The rumor comes from DigiTimes, which is known for its average hit rate when it comes to this kind of news, so one must take it with the requisite pinch of salt. With this in mind, here’s what it says about the Nexus 8. Quoting sources inside the supply chain, it’s Asus which is apparently building the new 8-inch tablet, and it’s being developed to combat lower demand for the 2013 Nexus 7.

However, the juiciest part of DigiTimes report concerns the Nexus 8’s possible processor, which may not be the super popular Snapdragon 800, but the Intel Bay Trail-T instead. This would be a first for the Nexus line, and could help Intel find more favor in the mobile market.

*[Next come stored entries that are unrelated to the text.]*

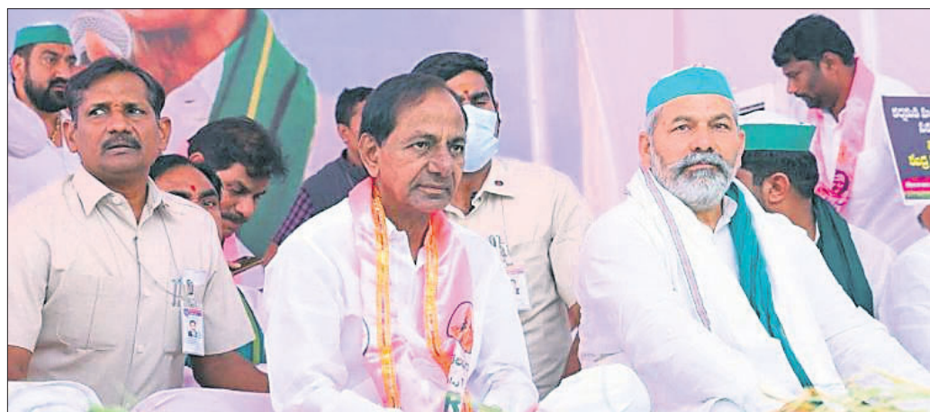
ନୂଆଦିଲ୍ଲୀରେ ତିଆରୀ ସମୟରେ କେସିଆର ଏବଂ ଚାଷୀ ନେତା ରାଜେଶ ଚିକାୟତ ଧ୍ୟାନ କର୍ତ୍ତବ୍ୟ ଦେଖିଛନ୍ତି।

ତେଲଙ୍ଗାନା ମୁଖ୍ୟମନ୍ତ୍ରୀ କେ. ଚନ୍ଦ୍ରଶେଖର ରାଓ (କେସିଆର) କେନ୍ଦ୍ର ସରକାରଙ୍କ ଧ୍ୟାନ କର୍ତ୍ତବ୍ୟ ଦୃଢ଼ ସମାଲୋଚନା କରିଛନ୍ତି। ତାଙ୍କ ରାଜ୍ୟରୁ ଧ୍ୟାନ କର୍ତ୍ତବ୍ୟ ନାହିଁ ପ୍ରଧାନମନ୍ତ୍ରୀ ନରେନ୍ଦ୍ର ମୋଦିଙ୍କ ସରକାର ୨୪ ଘଣ୍ଟା ମଧ୍ୟରେ ଜବାବ ଦିଅନ୍ତୁ ବୋଲି ସୋମବାର ନୂଆଦିଲ୍ଲୀରେ ଆୟୋଜିତ ପ୍ରତିବାଦ ରାଲିରେ କେସିଆର ଆହ୍ୱାନ ଦେଇଛନ୍ତି।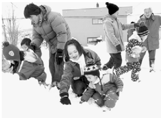
▲雪の中に隠されたミカンを探します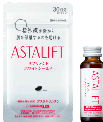
機能性表示食品「アスタリフト サプリメント ホワイトシールド」(左) 機能性表示食品「アスタリフト ドリンク ホワイトシールド」(右)

「飲む紫外線ケア」として本製品を飲用いただくことで、紫外線対策をサポートします。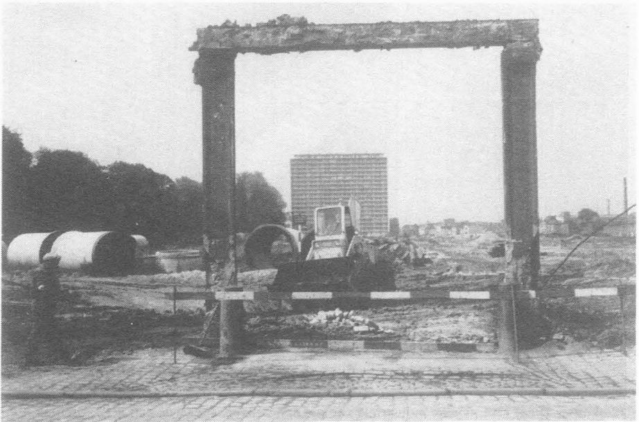
12.6.72. Ex. La Lys.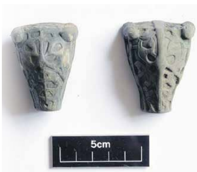
Sieviešu lāčgalvu saktas.

SIGNETA REIMANE, sabiedrisko attiecību speciāliste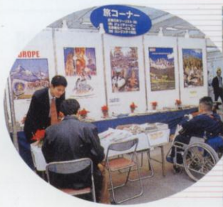
企業展示コーナー

Intel has seen more success in tablets than it has in smartphones though, and Asus already produces several tablets using Intel chips, including the Bay Trail-powered Transformer Book T100. 

Intel has said it’ll be releasing 64-bit Bay Trail chips during the first three months of 2014, and in a recent earnings call, CEO Brian Krzanich is quoted as saying, “Most of the Bay Trail Android tablets really start showing up more in the second quarter of 2014.” Bay Trail hardware has been Windows 8-based so far, and with the second quarter coming to an end in June, Krzanich’s dates fit in with the DigiTimes report.

As we said at the start, none of this is certain. We speculated the Nexus 8 could be based on the LG G Pad 8.3, given Google’s close relationship with the Korean firm, but Asus – which builds the Nexus 7 – is an equally likely partner. Rumors of the Nexus 8’s existence first started after a mysterious tablet showed up on a Google promotional webpage in November last year.